Might apply if a carrier is selling at abnormally high or low price, because you can sell onward to a station at a player-controllable profit/loss. But you can't affect BGS by selling to a carrier, because they don't have a controlling faction to receive the influence points.
 
Might apply if a carrier is selling at abnormally high or low price, because you can sell onward to a station at a player-controllable profit/loss. But you can't affect BGS by selling to a carrier, because they don't have a controlling faction to receive the influence points.
that is true, but at least the group i'm playing with creates profitable a-b-a tours for traders with a FC, so you ensure good profit AT the FC close to station, where there are profitable exports TO the station, giving traders a reason on both ends to fly the route.
 
I can tell you why I do it...pure laziness

I could spend a whole day making trips back and forth from a station hauling Tritium/mining a hotspot

OR

I can set a purchase order for twice the galactic average and go about my business while it gets filled up for me.
Some traders make a nice profit and I get to avoid gameplay that bores me.

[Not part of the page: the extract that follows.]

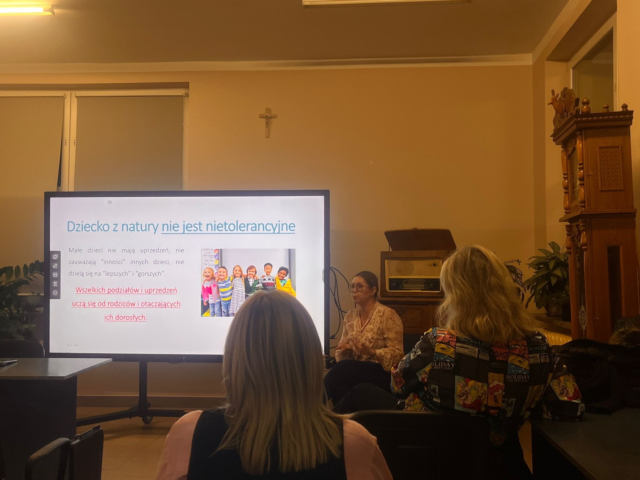 Klasy VII obejrzały film „Cudowny chłopak”, uczący akceptacji i przyjaźni. Rodzice natomiast uczestniczyli w wykładzie „Jak uczyć dzieci tolerancji i szacunku”, który poprowadziła pani pedagog Anna Świderek z Poradni Psychologiczno-Pedagogicznej w Mońkach.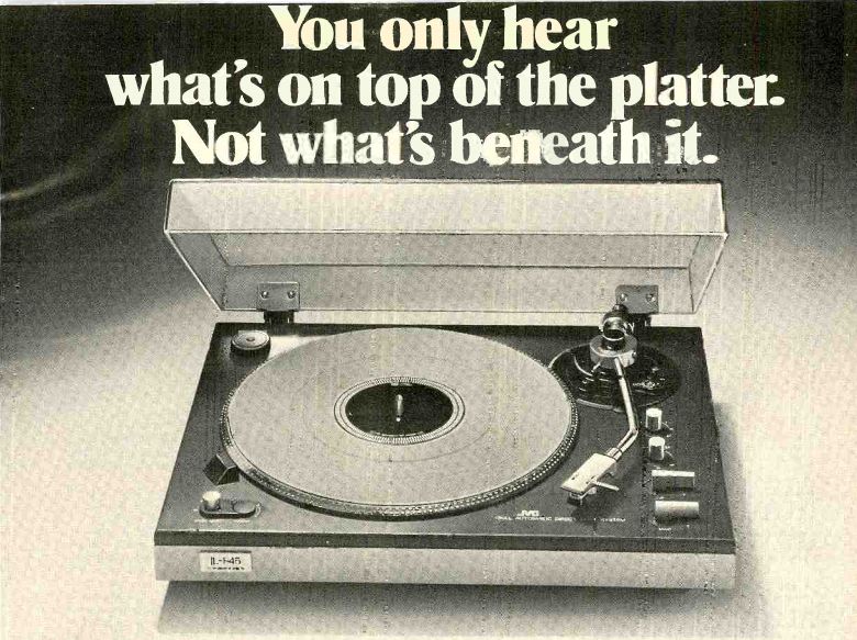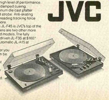 You can always distinguish the excellence of a turntable by its capability to rotate a platter precisely, at a given speed, without adding rumble, wow and flutter to the performance. ![]() Because JVC's new JL-F45 turntable platter is directly driven by a specially designed DC servo motor, any rumble-producing effect is virtually nonexistent. The result is outstanding measurements that defy audibility. Rumble is better than 70dB (DIN B) and wow and flutter is less than 0.03% (WRMS). Even some of the most expensive turntables don't measure up to the excellence of these specifications. In addition to the precision of direct-drive, the JL-F45 offers dual options for operation. Manual. And completely automatic. Ad to Lead in. Auto Return. Auto Stop. You can even repeat play a record automatically up to six times-or infinitely. The JL-F45's exclusively designed Tracing-Hold tonearm assures the highest degree of groove tracking with unusually low tracking error. This is absolutely essential for today's ultra low tracking cartridges, including CD-4. The new uni-point gimbal suspension system reduces unwanted friction and overcomes unexpected jolts to the arm. Every feature you're likely to want in a quality turntable contributes to this 2-speed unit's high level of performance. 2-way viscous-damped cueing. A 12-inch aluminum die cast platter with illuminated strobe. Anti-skating control. Direct-reading tracking force dial. And lots more. While the JL-F45 is JVC's top of the line at $250 there are two other more modestly priced models. The fully automatic belt-driven JL-F35 at $160, And the semi-automatic JL-A15 at $130. Whichever you choose, you can be sure you're getting the most turntable precision, reliability and value JVC has ever offered. JVC America. Inc., 58-75 Queens Midtown Expressway, Maspeth, 11378 (212) 476-8300. Canada: JVC Electronics of Canada, Ltd., Scarborough, Ont. Outside N.Y call toll-free 800-221-7502 for nearest dealer. ![]() *Approximate retail value, including base and dust Cover. ------ Also see: |

Same goes for commodities needed for unlocks.

Not really a fan of mining (staring at rocks bores me to tears), needed 50 Bromellite for an engineer.
Set a purchase order, had all I needed by the end of the day 👍
 
As a bit of a summary of options which could see price rises.

  • Goods only purchasable at particular locations/ uncommon goods used for source missions.
  • mining only commodities for mission hand-ins
  • goods which see substantial state based price spikes well in excess of their average price (e.g military fabrics, which can hit 1000% of galactic average)
  • rare "collectors items"
  • credit transfers

All of this, plus easier refuelling if the commodity in question is Tritium.

There are people paying so much to have others refuelling their carrier, that I spent a few weeks making bank by having other people fill my carrier with Tritium at over the market price, then selling that Tritium myself to other carriers for even more and turning good profit.